Information
- First date: February 17, 2018
- Last date: October 5, 2018

Events
- Total events: 2

Fights
- Total fights: 23

= 2018 in LUX Fight League =

The year 2018 was the second year in the history of LUX Fight League, a mixed martial arts promotion based in Mexico. In this year, LUX held 2 events, both held in Mexico City.

==Events list==

| # | Event | Date held | Venue | City |
|---|---|---|---|---|
| 1 | LUX 002 | February 17, 2018 | Gimnasio Olímpico Juan de la Barrera | Mexico City, Mexico |
| 2 | LUX 003 | October 5, 2018 | Pepsi Center WTC | Mexico City, Mexico |

== LUX 002 ==

LUX 002 was a mixed martial arts event held by LUX Fight League on February 17, 2018, at the Gimnasio Olímpico Juan de la Barrera in Mexico City, Mexico.

=== Background ===
After the first event, which was very well received, LUX Fight League announced the second event for February 2018, and unlike the first, this one featured a larger number of fights.

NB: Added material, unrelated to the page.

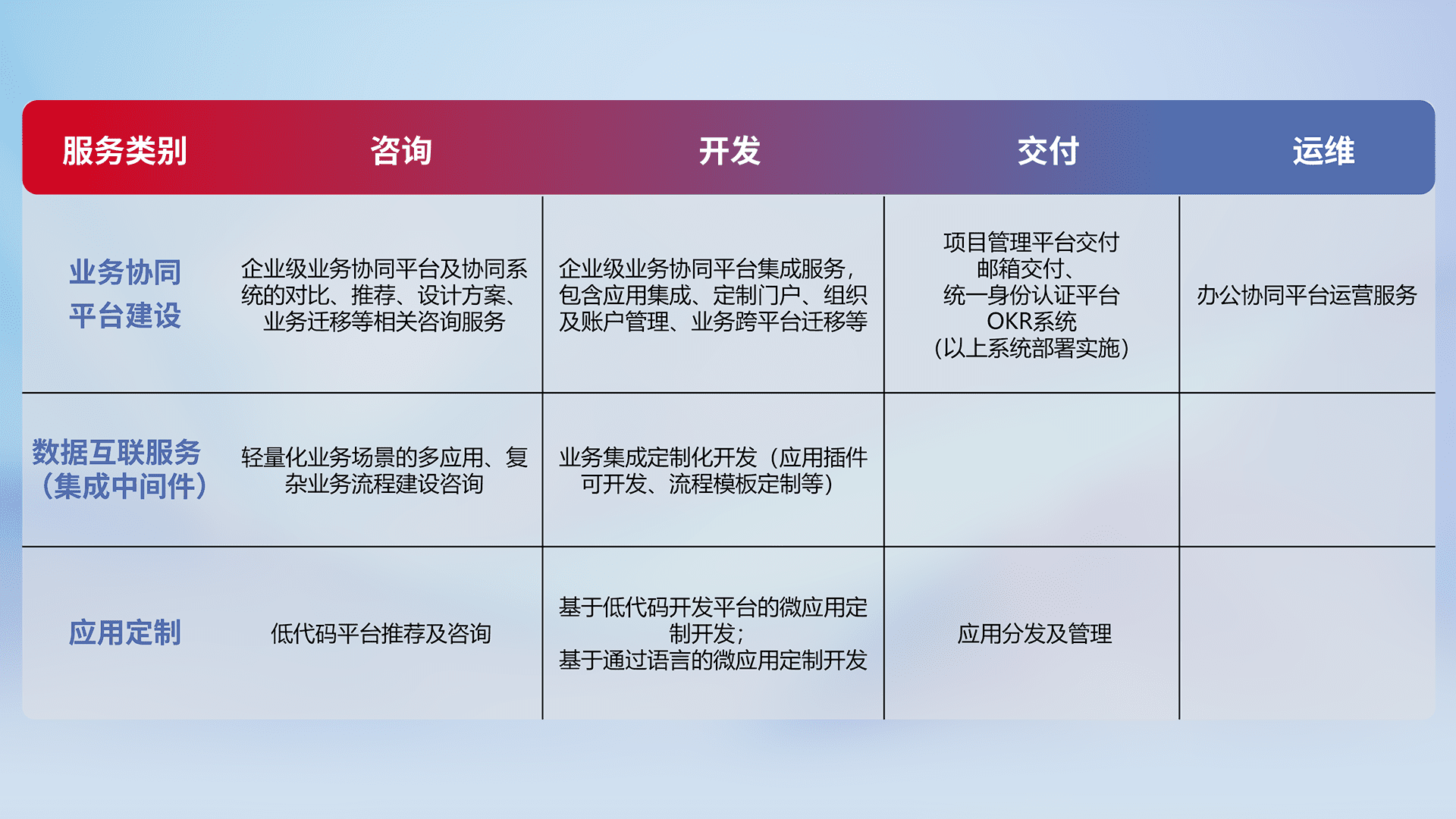 针对钉钉、、企微、、、、IDaas等平台级产品提供产品的规划、、、方案、、、交付、、、、定制化开发等服务,,,,实现如统一协同办公、、、、智能客户服务、、、混合会议管理、、、智能数据查询、、、、等业务场景,,实现数字化转型。。。。

It was announced that Sergio Cossio and Mike De La Torre, the latter of whom had a decent track record in UFC, would headline the event. Meanwhile, the co-main event featured a featherweight bout between veteran Rodolfo Rubio and rookie Luis Vallejo. There was also a women's bantamweight fight between Annely Jiménez García and Flor Sáenz, marking the first time female fighters have been included in a LUX event.

== LUX 003 ==

LUX 003 was a mixed martial arts event held by LUX Fight League on October 5, 2018, at the Pepsi Center WTC in Mexico City, Mexico.

=== Background ===
For this event, the number of fights was increased to fourteen; it was also announced that Sergio Cossio and Hugo Flores would headline the main event.